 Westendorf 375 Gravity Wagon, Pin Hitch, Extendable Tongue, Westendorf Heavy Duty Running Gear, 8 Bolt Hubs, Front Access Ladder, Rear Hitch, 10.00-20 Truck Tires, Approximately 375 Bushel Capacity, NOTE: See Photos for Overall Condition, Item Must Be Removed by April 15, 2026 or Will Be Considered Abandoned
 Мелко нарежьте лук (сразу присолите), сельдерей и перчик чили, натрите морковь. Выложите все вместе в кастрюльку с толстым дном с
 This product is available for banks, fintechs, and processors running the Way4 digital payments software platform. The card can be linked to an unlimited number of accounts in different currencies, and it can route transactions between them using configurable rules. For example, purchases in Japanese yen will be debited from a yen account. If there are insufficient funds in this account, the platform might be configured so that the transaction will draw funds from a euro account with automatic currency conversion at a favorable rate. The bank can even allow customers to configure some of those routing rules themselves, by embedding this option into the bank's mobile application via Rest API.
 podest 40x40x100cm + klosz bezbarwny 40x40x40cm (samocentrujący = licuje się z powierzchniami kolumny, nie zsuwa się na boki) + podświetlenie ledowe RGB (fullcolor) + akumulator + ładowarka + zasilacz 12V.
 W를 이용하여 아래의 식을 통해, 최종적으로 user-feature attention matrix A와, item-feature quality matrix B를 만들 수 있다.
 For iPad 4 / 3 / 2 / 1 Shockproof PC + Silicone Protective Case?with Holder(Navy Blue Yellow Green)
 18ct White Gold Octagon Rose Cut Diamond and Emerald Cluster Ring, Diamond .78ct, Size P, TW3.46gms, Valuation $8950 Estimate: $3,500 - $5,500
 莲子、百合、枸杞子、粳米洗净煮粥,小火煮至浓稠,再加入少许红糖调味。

**Problem details:** Reproduce every entry above so that each one matches its source exactly.

**Expected answer:**
 Westendorf 375 Gravity Wagon, Pin Hitch, Extendable Tongue, Westendorf Heavy Duty Running Gear, 8 Bolt Hubs, Front Access Ladder, Rear Hitch, 10.00-20 Truck Tires, Approximately 375 Bushel Capacity, NOTE: See Photos for Overall Condition, Item Must Be Removed by April 15, 2026 or Will Be Considered Abandoned
 Мелко нарежьте лук (сразу присолите), сельдерей и перчик чили, натрите морковь. Выложите все вместе в кастрюльку с толстым дном с
 This product is available for banks, fintechs, and processors running the Way4 digital payments software platform. The card can be linked to an unlimited number of accounts in different currencies, and it can route transactions between them using configurable rules. For example, purchases in Japanese yen will be debited from a yen account. If there are insufficient funds in this account, the platform might be configured so that the transaction will draw funds from a euro account with automatic currency conversion at a favorable rate. The bank can even allow customers to configure some of those routing rules themselves, by embedding this option into the bank's mobile application via Rest API.
 podest 40x40x100cm + klosz bezbarwny 40x40x40cm (samocentrujący = licuje się z powierzchniami kolumny, nie zsuwa się na boki) + podświetlenie ledowe RGB (fullcolor) + akumulator + ładowarka + zasilacz 12V.
 W를 이용하여 아래의 식을 통해, 최종적으로 user-feature attention matrix A와, item-feature quality matrix B를 만들 수 있다.
 For iPad 4 / 3 / 2 / 1 Shockproof PC + Silicone Protective Case?with Holder(Navy Blue Yellow Green)
 18ct White Gold Octagon Rose Cut Diamond and Emerald Cluster Ring, Diamond .78ct, Size P, TW3.46gms, Valuation $8950 Estimate: $3,500 - $5,500
 莲子、百合、枸杞子、粳米洗净煮粥,小火煮至浓稠,再加入少许红糖调味。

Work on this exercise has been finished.